This again is an old scheme with a modern twist. It is quite simple: the fraudster will give you a financial instrument (most often a cheque or money order) for a larger amount than you have requested. In return, you are asked to give the person a smaller amount of cash and you keep the difference for your trouble.
We see this now most often starting as an advertisement on a legitimate on-line website. The victim typically has placed an ad of an object for sale. The criminal will contact the owner offering to pay more than the listed price. They use a third party cheque and the condition that the seller forwards the cash first, or at the same time.
For instance: the victim may want to sell a television for $200. The fraudster will offer to pay the $200 using a third party cheque for $500 IF the seller sends $200 via interac transfer or wired money service. When the seller gets the cheque, it is found to be a counterfeit. The seller is now out $200 dollars and often their product as well.

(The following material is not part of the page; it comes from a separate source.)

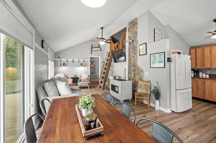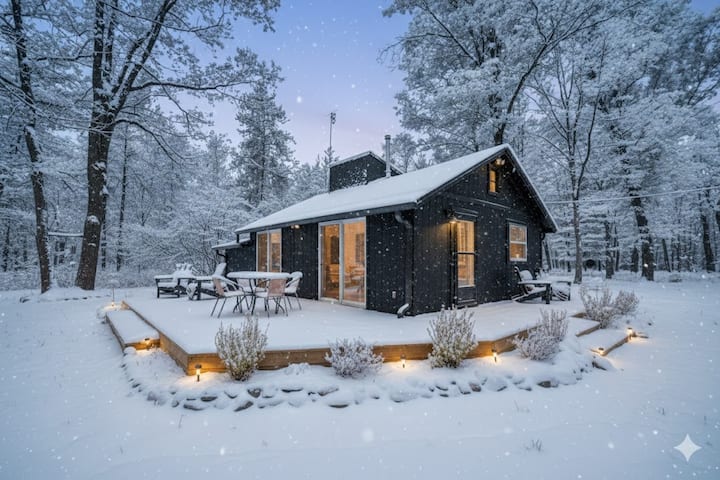 Ტყის ეს თავშესაფარი მშვიდი განმარტოებითაა, მყუდრო და ელეგანტური 2-საძინებლიანი ხის სახლი ფართო ლოფტით გთავაზობთ სოფლის მომხიბვლელობისა და თანამედროვე კომფორტის იდეალურ ნაზავს.
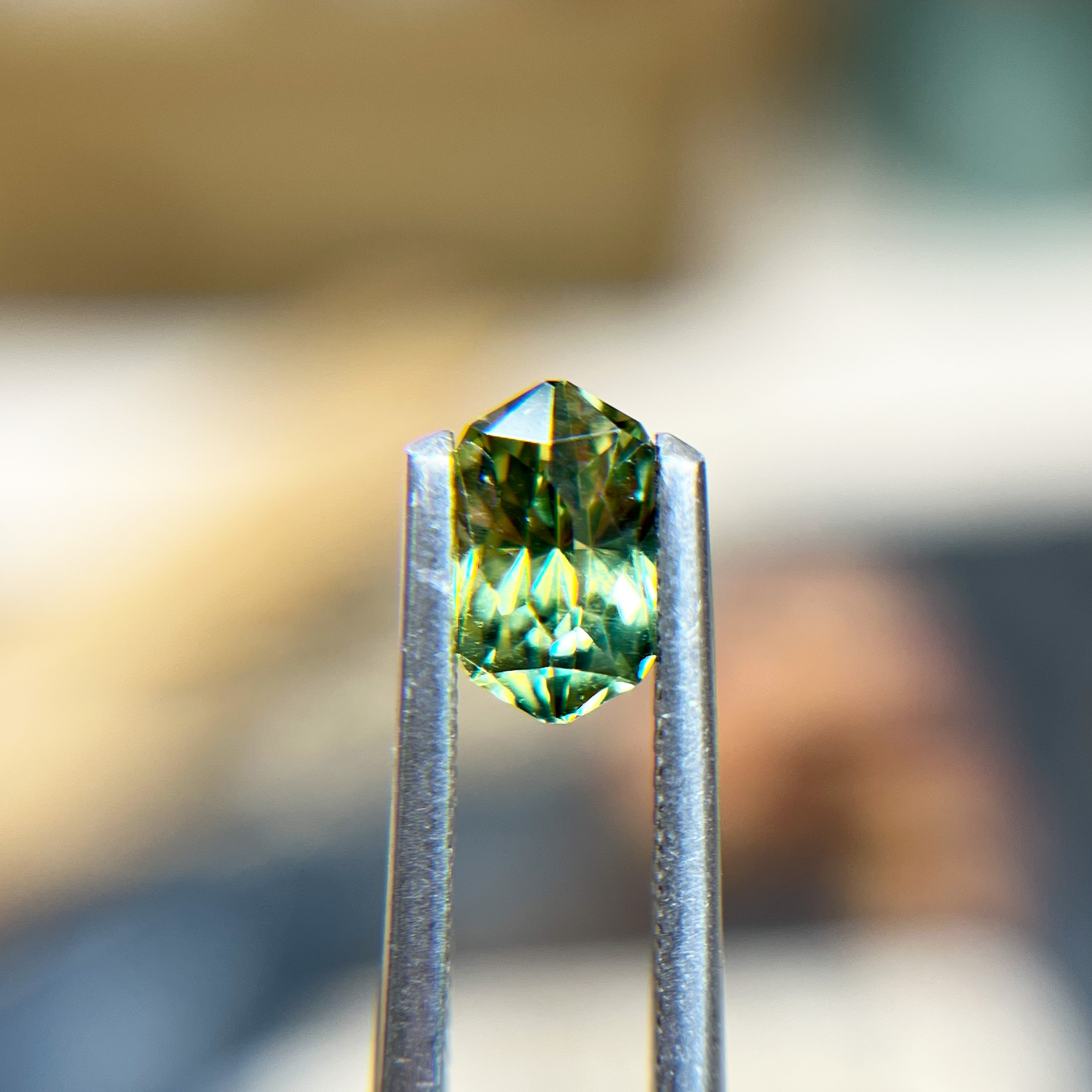 A striking testament to masterful artistry, this green elongated hexagon sapphire is cut in John Dyer’s exceptional Regal Radiant™ style, a shape that transforms light into a mesmerizing dance of brilliance. With crisp facets and an elongated silhouette, this one-of-a-kind sapphire is the perfect choice for a ring that feels both otherworldly and deeply connected to nature. John Dyer’s unparalleled craftsmanship ensures that no two stones are alike, making this sapphire a truly rare treasure.

This is an old scheme most often perpetrated on the elderly. They will get a call from a person pretending to be a friend of a grandson or similar distant relative. They will claim to be helping that person get out of jail or that they are being held ransom for a drug debt or similar circumstance. They may have intimate knowledge based on information gleaned from previous 'phishing' type of telephone calls or research on the Internet or social networks such as Facebook. They will insist that the grandparent act immediately and failure to do so will have catastrophic consequences. Again these criminals will ask for a cash type transfer. Recently, they have even pretended to be police officers from other jurisdictions.
Skimming occurs when criminals have interfered at Point of Sale Terminals (POS) where citizens swipe their bank or credit cards to purchase goods. Through various electronic means, they are then able to compromise the details of your banking information and use that information to take money from your accounts. These attacks on your money will typically show up in large even number withdrawals from 'White Label' auto-tellers on your statements. In most cases the bank will alert you because they see a pattern of behavior on a number of their clients' accounts.
We can retrieve video footage of transactions in some cases and often are able to investigate these types of complaints as a whole, or group of files, where there isn't enough evidence as individual events. In these cases it is important to be able to quickly identify where the original 'skimming' event took place in order for it to be useful in an investigation. If we are not successful in our investigation, most complainants will not be contacted except by our Victim's Assistance volunteers.